Escuchar al cuerpo es fundamental. Si aparece dolor, una molestia persistente o una fatiga excesiva, conviene bajar el ritmo y pedir ayuda profesional.

Pero también hay que ser sinceros: no todo lo que nos frena es una señal física.

A veces es cansancio real. Otras veces es pereza. A veces necesitas descansar. Otras, simplemente necesitas empezar.

No es lo mismo “me duele la rodilla” que “hoy no me apetece”. No es lo mismo “estoy agotado” que “me da pereza salir de casa”. Aprender a distinguirlo te ayuda a tomar mejores decisiones.
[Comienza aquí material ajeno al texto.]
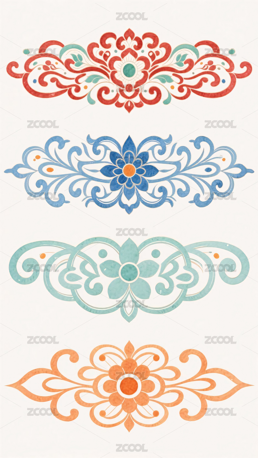 传统的彩色黑白装饰连续花纹图案 黑色背景

Y muchos días pasa algo curioso: empiezas sin demasiadas ganas y terminas agradeciendo haber ido.

Apóyate en profesionales

Volver a entrenar es mucho más fácil cuando no tienes que hacerlo todo por tu cuenta.

Contar con profesionales te ayuda a elegir bien los ejercicios, ajustar la intensidad, evitar errores y avanzar con más seguridad. También te permite resolver dudas normales: por dónde empezar, qué actividad elegir, cuántos días entrenar o cómo combinar distintos tipos de ejercicio.

Además, un centro deportivo te da algo que ayuda mucho a no abandonar: variedad.

Puedes probar, cambiar, adaptar tu rutina y encontrar una forma de entrenar que encaje mejor contigo en cada momento.

No midas solo lo que ves en el espejo

Cuando alguien vuelve a entrenar, es normal fijarse en el peso o en los cambios físicos. Pero muchos de los primeros avances no se ven desde fuera.

Dormir mejor. Tener más energía. Subir escaleras con menos fatiga. Sentirte más ágil. Reducir el estrés. Mejorar el estado de ánimo. Recuperar confianza.

Todo eso también cuenta.

De hecho, muchas veces son esos cambios los que hacen que sigas. Porque empiezas a notar que entrenar no solo va de verte mejor, sino de vivir mejor.

La clave está en seguir dentro de dos meses

Volver a entrenar no consiste en hacerlo perfecto desde el primer día. Consiste en construir una rutina que puedas mantener.

Empieza poco a poco. Elige actividades que te gusten. Ponte objetivos realistas. Pide ayuda si la necesitas. Y recuerda que cada entrenamiento suma, incluso los más suaves.

No necesitas entrenar como si llevaras años haciéndolo.

Necesitas empezar de una forma que te permita continuar.

Porque el verdadero cambio no está en entrenar mucho durante dos semanas.

Está en seguir entrenando dentro de dos meses.